## Work order
With pictures left out, retype exactly the lines from the one containing "Arabic instrument, brown" through the final line of the entries.

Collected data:
+--

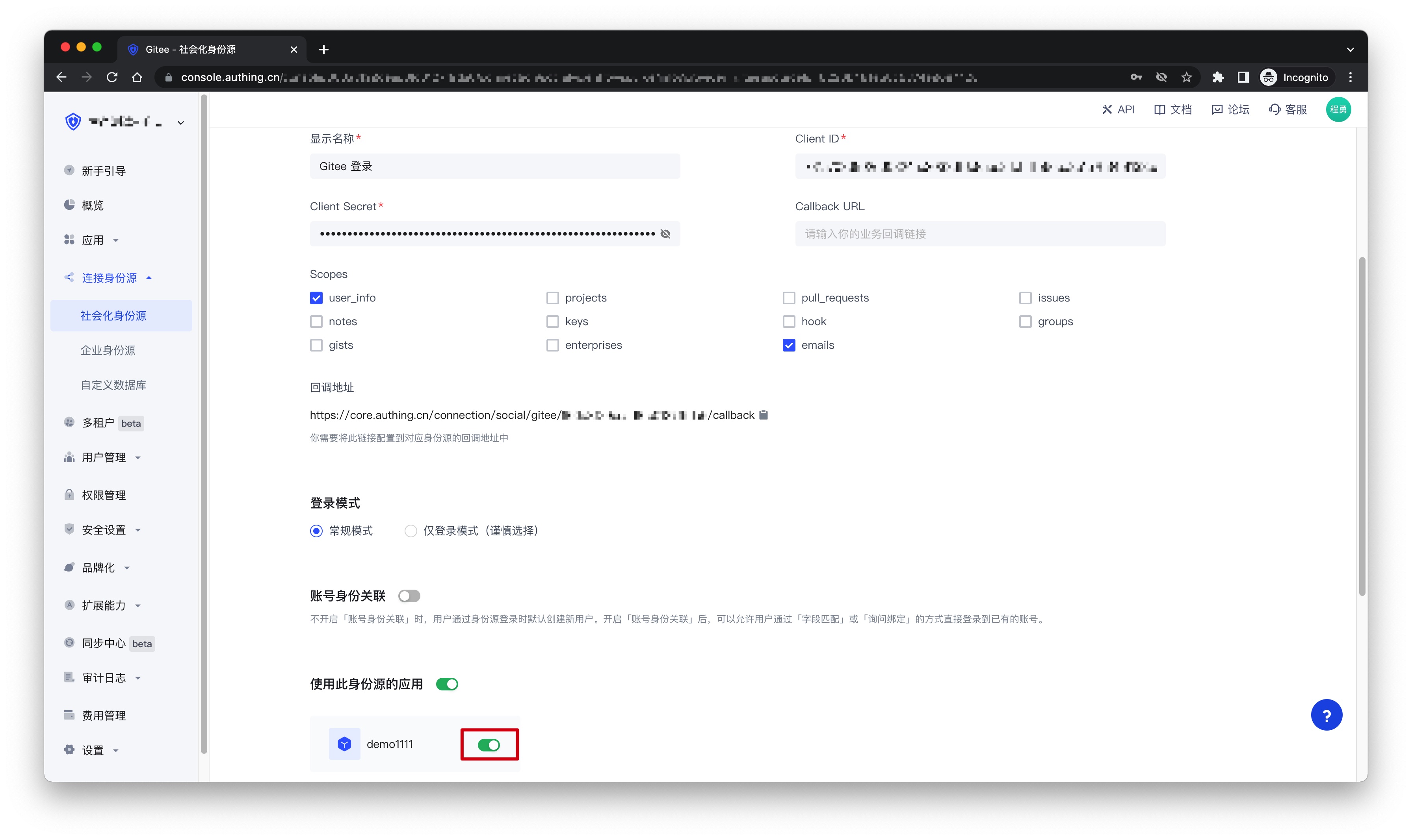 3.2 在已创建好的「Gitee」身份源连接详情页面,开启并关联一个在 Authing 控制台创建的应用
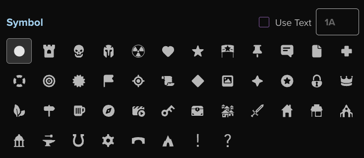 Les repères de carte standard sont considérés comme des repères « symboliques » et sont à la disposition de tous les MJ. Les épingles d'image sont disponibles pour les abonnés Pro et Elite et permettent d'utiliser des images personnalisées à la place de l'épingle symbole. (Pour plus d'informations à ce sujet, veuillez vous référer à la Section Images personnalisées ci-dessous.)
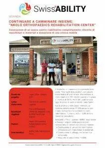 Il progetto di SwissABILITY, in collaborazione con il partner locale Nkolo Orthopaedics Rehabilitation Center (NORC), ha come obiettivo quello di offrire alle persone con disabilità di Luweero e delle zone circostanti un servizio completo attraverso la costruzione di un innovativo centro riabilitativo, dotato di macchinari e materiali per la produzione di protesi e ortesi, che comprenda: officina ortopedica, unità di fisioterapia, unità di ergoterapia e logoterapia. Inoltre, è prevista la costruzione di alloggi destinati sia al personale del centro che proviene da zone distanti, sia a tutti gli utenti che arrivano da aree più remote e necessitano di cure prolungate su più giorni.
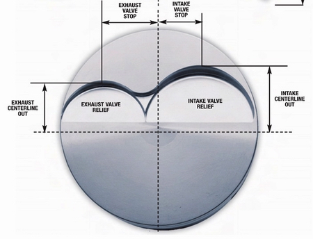 The side view shows the deck, dome height, lands, forced pin oilers, lock grooves, skirt and other elements, while the side cutaway view points out the compression height distance, valve pocket, valve angle, pin bore center, gauge point, and valve pocket depth. Finally, the top view shows us things like the intake and exhaust centerline out, intake and exhaust valve relief, and the valve stops. Armed with this information, never again will you be lost when in conversation with an engine builder or piston manufacturer. So, get to studying.
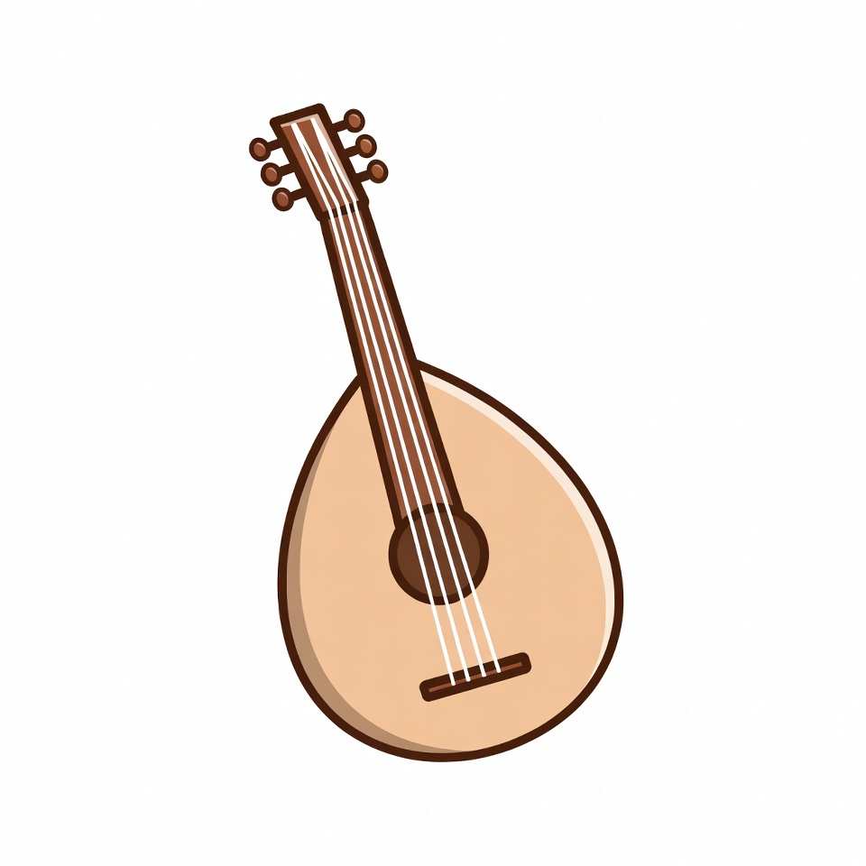 Arabic instrument, brown neck, cartoon, clipart, illustration, isolated background, lute, musical instrument, pear shaped, string instrument, strings, tan body, traditional music, tuning pegs, oud
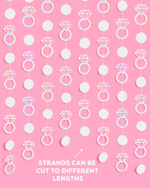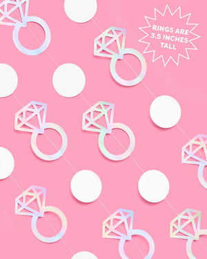 The Era of All Eras. Because nothing says engaged like iridescent rings and a whole lotta white. This engagement ring garland features shimmering foil rings and white iridescent circles, pre-assembled and ready to party.
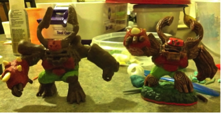Details (Left Picture): Modeling chocolate character on the left. Action figure on right.
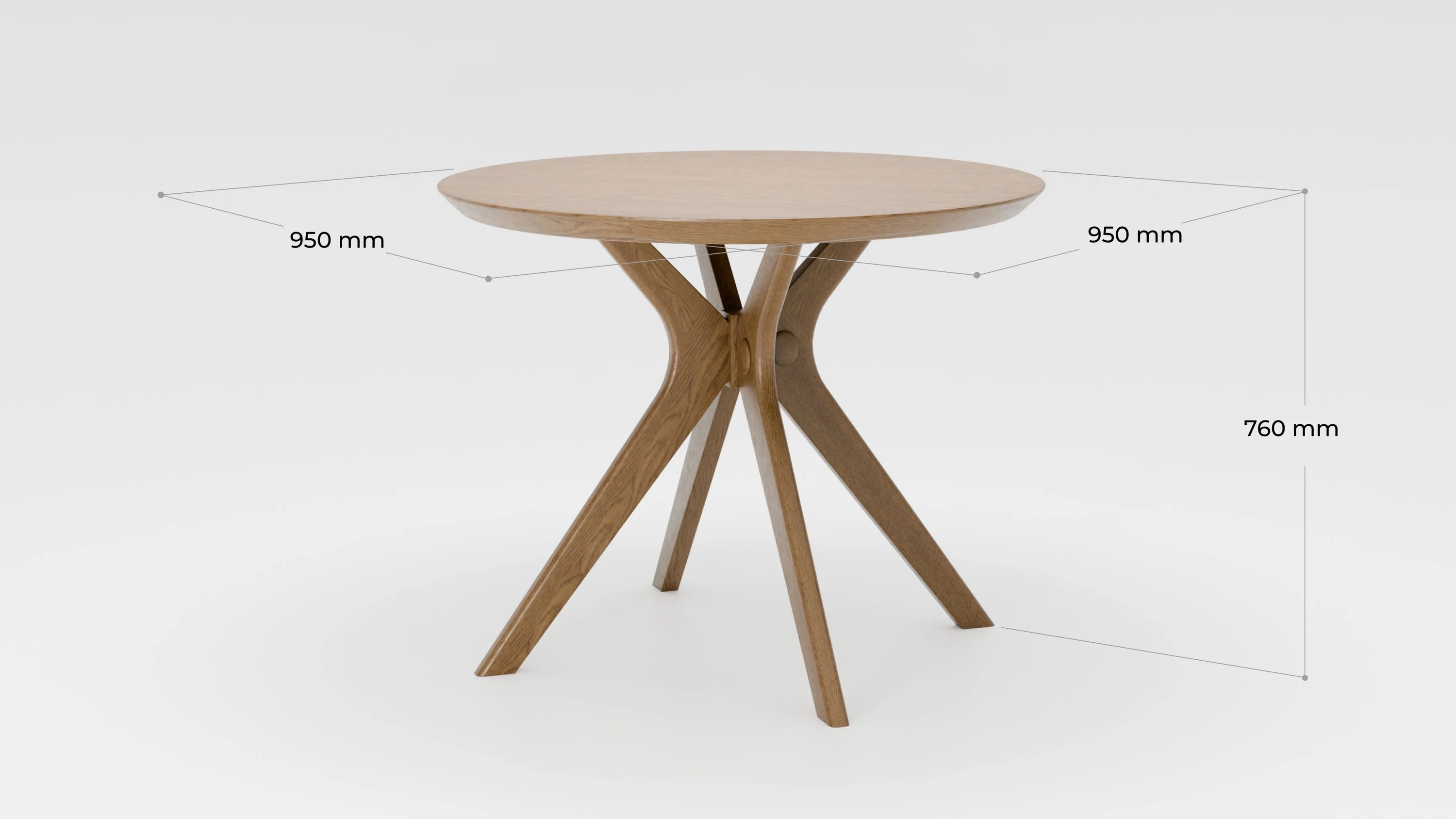 Стол круглый Амброджио — из массива дуба, сочетает элегантный дизайн и прочность. Компактный размер 950×950×760 мм идеально подойдёт для уютных кухонь и стильных интерьеров.

+--

## Task result
 Arabic instrument, brown neck, cartoon, clipart, illustration, isolated background, lute, musical instrument, pear shaped, string instrument, strings, tan body, traditional music, tuning pegs, oud
 The Era of All Eras. Because nothing says engaged like iridescent rings and a whole lotta white. This engagement ring garland features shimmering foil rings and white iridescent circles, pre-assembled and ready to party.
Details (Left Picture): Modeling chocolate character on the left. Action figure on right.
 Стол круглый Амброджио — из массива дуба, сочетает элегантный дизайн и прочность. Компактный размер 950×950×760 мм идеально подойдёт для уютных кухонь и стильных интерьеров.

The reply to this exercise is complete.